I recently wrote a letter to my congressperson. I don’t remember the name of the file, but I created it less than 7 days ago, it was smaller than 100k, and it contained the work ‘Nesto’. How would I use locate to find this file?
Using find:
find /home/rwcitek -type f -size -100k -atime -7 -print0 | xargs -0 grep 'Nesto' /dev/null
this returned:
/home/rwcitek/linux/topics/sssca/congress:To: Someone Nesto
Brief tutorial:
find decends through the directory heirarchy and applies the ‘logic string’ to each item in the folder. In the above example, find starts in my home folder (abreviated as ~). Then for each item in that folder, it applys the ‘logic string.’ In this case: -type f -size -100k -atime -7 -print0. Each truth test is evaluated, and if true, moves on to the next truth test. If the entry is a directory, find decends into it.
Break down of truth tests for the example:
- ‘-type f’ is the entry a file?
- ‘-size -100k’ is the entry less than 100k?
- ‘-atime -7’ is the access time less than 7 days ago?

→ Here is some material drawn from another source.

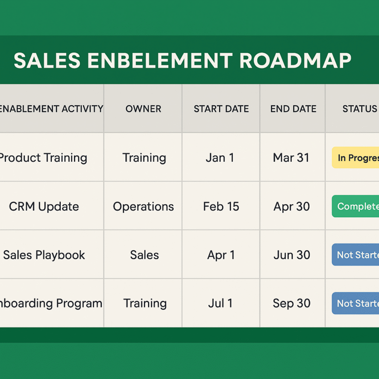 Sales Enablement Roadmap Template Excel Planning Sheet
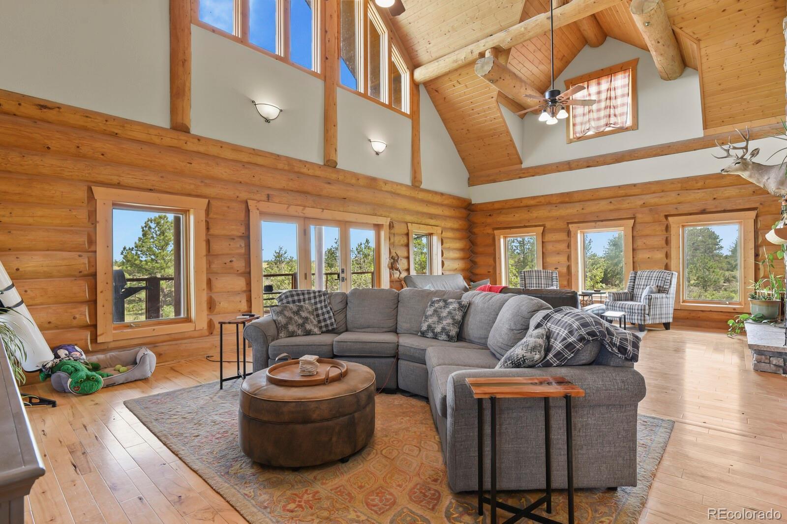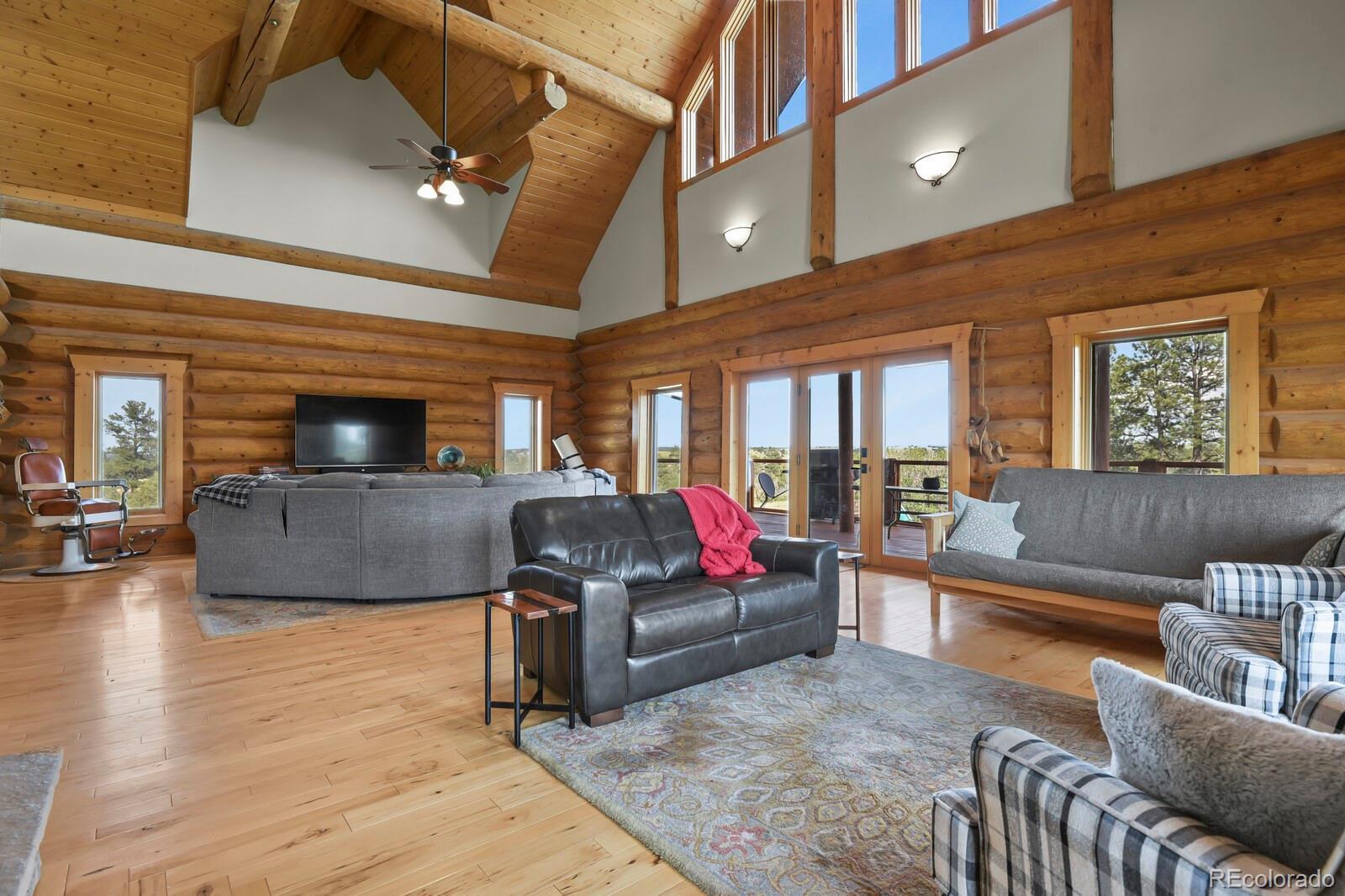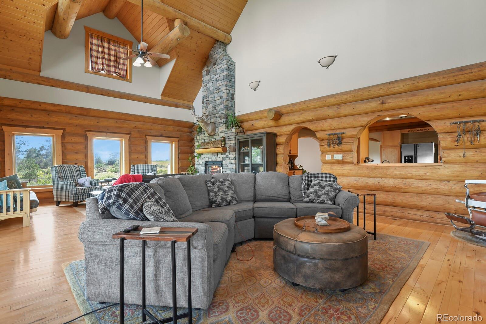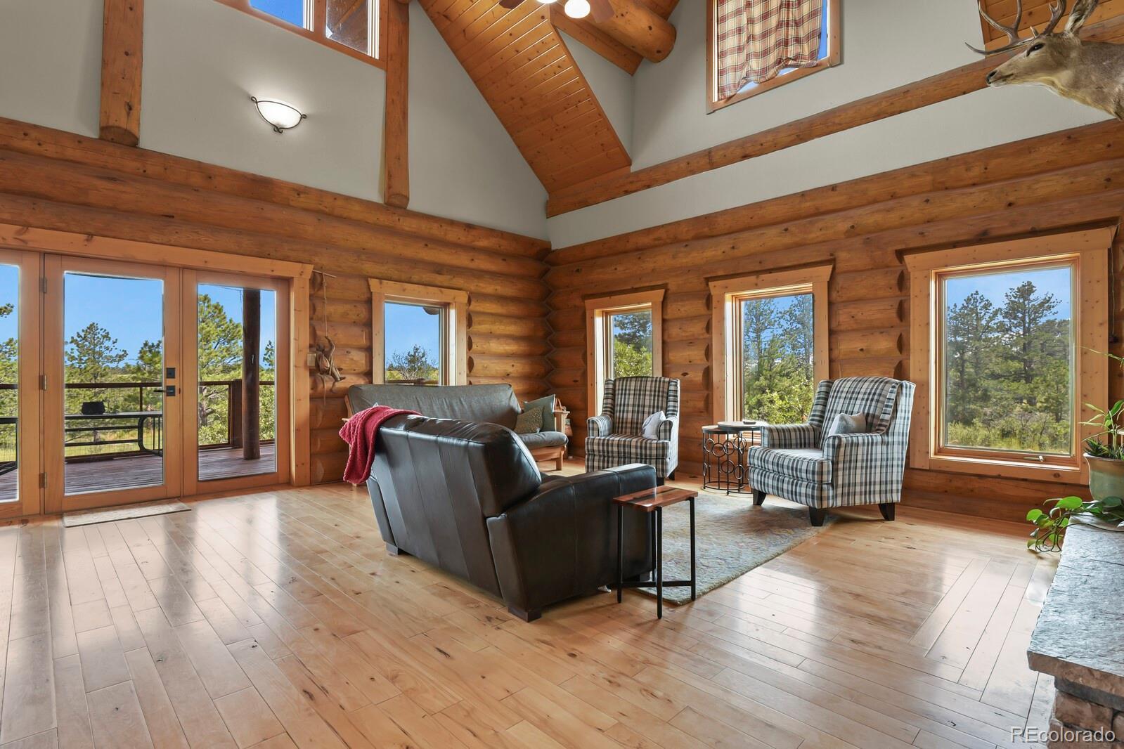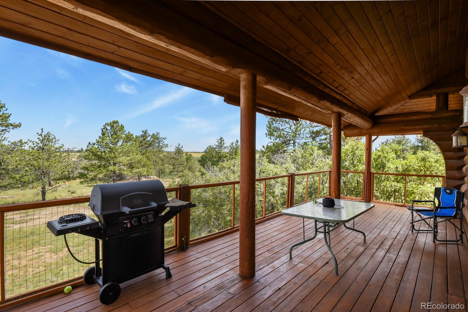 Own your private slice of Colorado paradise with this custom-built log cabin on over 36 acres—just minutes from downtown Castle Rock! This spacious four-bedroom, three-bath home features stunning log construction, soaring wood ceilings, and warm wood finishes throughout, blending rustic charm with modern comfort. The open-concept main living area is highlighted by a striking open fireplace, perfect for cozy evenings, while the kitchen offers stainless steel appliances and ample space for entertaining. A brand-new roof in 2025 adds peace of mind. Step outside to enjoy panoramic views of Castlewood Canyon State Park and the mountains from the expansive wood porch and back deck. The large unfinished basement is ready for your personal touch—ideal for adding living space, a home gym, or a media room. A three-car garage provides generous storage, and with horses allowed, there’s room to create your dream ranch setup. Whether you're looking for privacy, natural beauty, or room to roam, this property offers a rare combination of space and convenience.

- ‘-print0’ print the entry (this evaluates to true)
If any test fails, find stops processing the rest of the truth tests and moves on to the next entry. Using the example above, any file that is less than 100k fails the ‘-size -100k’ test, will not be tested for its access time, and will not be printed.
By default each truth test is a logical AND, i.e. the -a option is implied. However, you can also use OR (-o) and NOT (! or -not), and force precedence with parentheses.
Here’s another find to search for broken symlinks (Windows shortcuts):
find . -type l ! -exec test -e true ; -print
Out of curiosity, how would I do this in Windows (without using Cygwin or other Unix-like CLI)?
In contrast, locate is just a database of filenames on your system.